Hyperdimensional Computing

HDC Classification tasks

In this project I implemented a HDC encoder (allowing for permutation-, association- and hyperbolic tangent kernel-based encodings) along with training anf inference functions, including one-pass training, adaptive one-pass and retraining.

All the results can be found in the Report.pdf. The code itself is located in the driver.py script. In the main function, you can define on which dataset you want to run the experiments. Two options are available: ISOLET and EEG datasets. Also, in main you can define a flag to display the plots from the report.

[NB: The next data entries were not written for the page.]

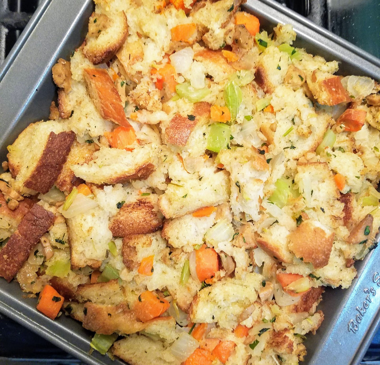 Stuffing! The absolute highlight of Thanksgiving, without a doubt. It’s truly undeniable that stuffing makes the entire meal and is what everyone is really looking forward too. It’s seems so backwards that most people probably never eat stuffing outside of the Thanksgiving meal + leftovers, especially since it is so universally beloved!
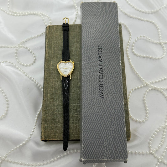 Vintage Avon Gold Heart Watch with Mother of Pearl Dial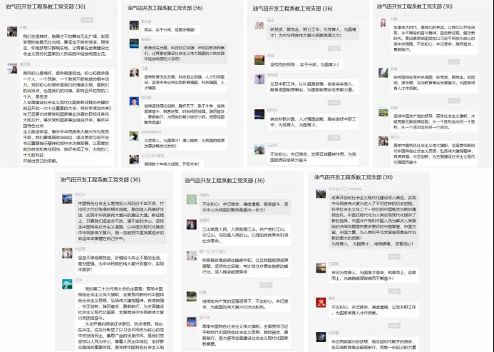 支部书记许文俊同志进行了总结:“查看各位党员同志的学习照片发现大多数同志在周末仍坚守在办公桌前开展教学和科研的相关工作,无论在家还是在办公室的党员同志们都准时收看了习近平总书记的报告,展示出了我们支部党员同志们刻苦努力、求真务实的优良作风,我相信我们只是全国493.6万个基层党组织的一个缩影。在中国共产党的正确领导下,和这样一群真抓实干的党员同志们的共同努力下,我国全面建设社会主义现代化国家、实现中华民族伟大复兴指日可待。”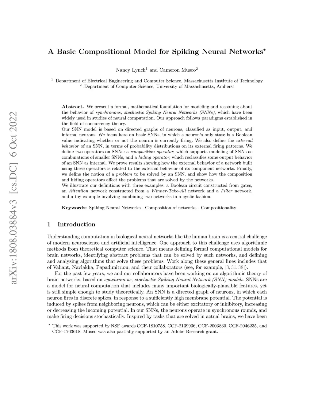 We present a formal, mathematical foundation for modeling and reasoning about the behavior of , , which have been widely used in studies of neural computation. Our approach follows paradigms established in the field of concurrency theory. Our SNN model is based on directed graphs of neurons, classified as input, output, and internal neurons. We focus here on basic SNNs, in which a neuron's only state is a Boolean value indicating whether or not the neuron is currently firing. We also define the of an SNN, in terms of probability distributions on its external firing patterns. We define two operators on SNNs: a , which supports modeling of SNNs as combinations of smaller SNNs, and a , which reclassifies some output behavior of an SNN as internal. We prove results showing how the external behavior of a network built using these operators is related to the external behavior of its component networks. Finally, we define the notion of a to be solved by an SNN, and show how the composition and hiding operators affect the problems that are solved by the networks. We illustrate our definitions with three examples: a Boolean circuit constructed from gates, an network constructed from a -- network and a network, and a toy example involving combining two networks in a cyclic fashion.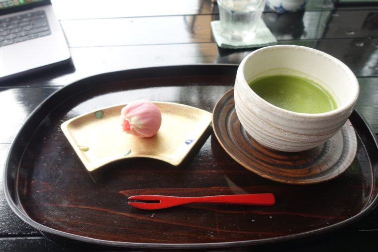メニューは、ケーキや和菓子などのセットにカレーの用意まで。今回は抹茶セットをいただきましたが、こちらは同じく海津にある和菓子店「駿河屋」のもの。こうして素敵な景色に、季節を彩る和菓子が加わります。ちなみに、現在は芍薬の花。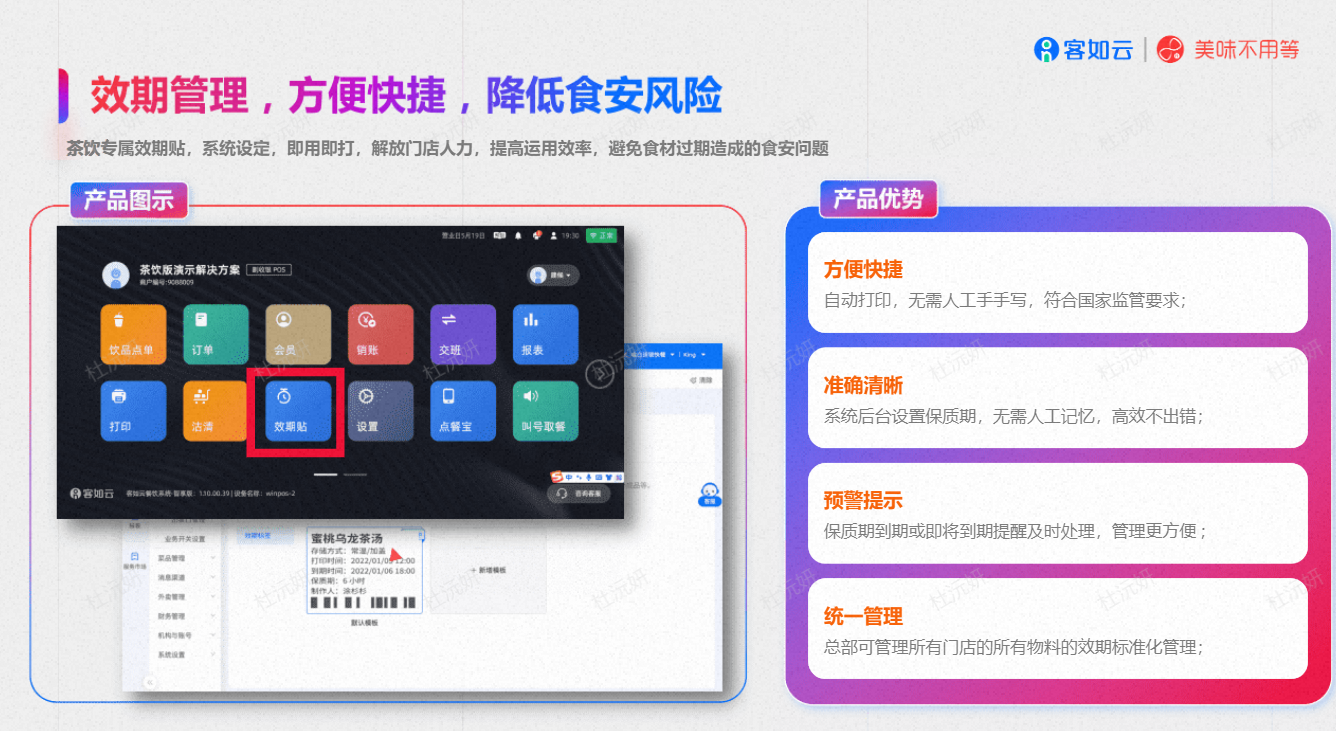 依托客如云收銀系統,生成茶飲專屬有效貼,標注上原料的有效期限,到期系統自動預警。同時總店也可以根據系統對所有門店的物料的有效期進行標準化管理,技術層面破解了加盟模式下 “管不到、管不細” 的食安管理難題。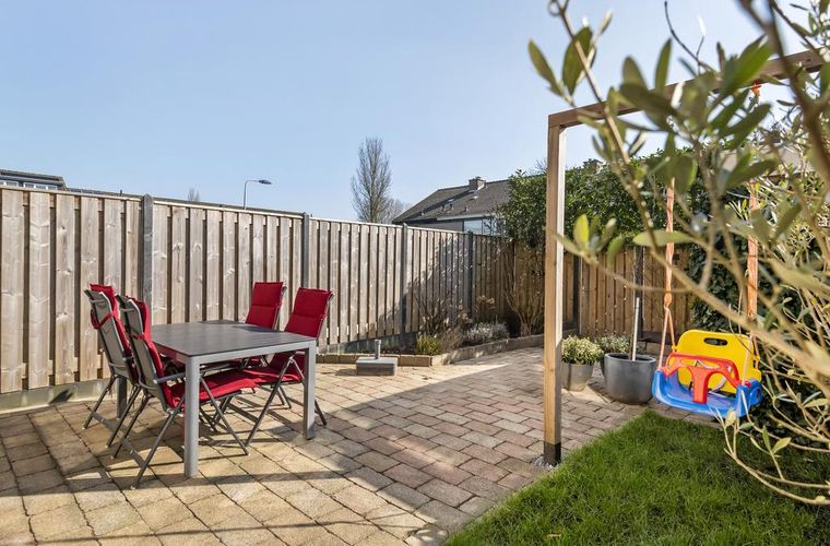 - Zonnige achtertuin met terras en bloembak met beplanting

Dependencies & Important Info

Because HDC is quite costly (encoding data in the hyperdimensional space) and python is popular for being "inefficient", I used two methods to boost the time efficiency. First, I parallelized several loops with joblib. Using a machine with 4 CPUs, one thread of each was in charge of transforming instances of data and storing them in a list (the order doesn't matter). Secondly, I adapted the code so that I could compile it with a JIT compiler. I used Numba decorators using the nopython=True flag, which translated my functions to optimized machine code at runtime using the LLVM compiler library. I also used some experimental features such as jitclass.

Datasets

ISOLET

To evaluate the HDC techniques for classification, I used the ISOLET (Isolated Letter Speech Recognition) dataset, which was generated as follows: 150 subjects spoke the name of each letter of the alphabet twice. Thus, there are 52 training examples from each speaker. The speakers have been grouped into sets of 30 speakers each, 4 groups can serve as training set, the last group as the test set. A total of 3 examples are missing, the authors dropped them due to difficulties in recording. Overall, the dataset results in 7797 samples and 617 features.

EEG + Alcoholics

To evaluate the HDC techniques for time-series classification, I used the EEG dataset, which comes from a large study to examine how EEG correlates with the genetic predisposition to alcoholism. It contains measurements from 64 electrodes placed on subject's scalps which were sampled at 256 Hz (3.9-msec epoch) for 1 second. There were two groups of subjects: alcoholic and control. Each subject was exposed to either a single stimulus (S1) or to two stimuli (S1 and S2) which were pictures of objects chosen from the 1980 Snodgrass and Vanderwart picture set.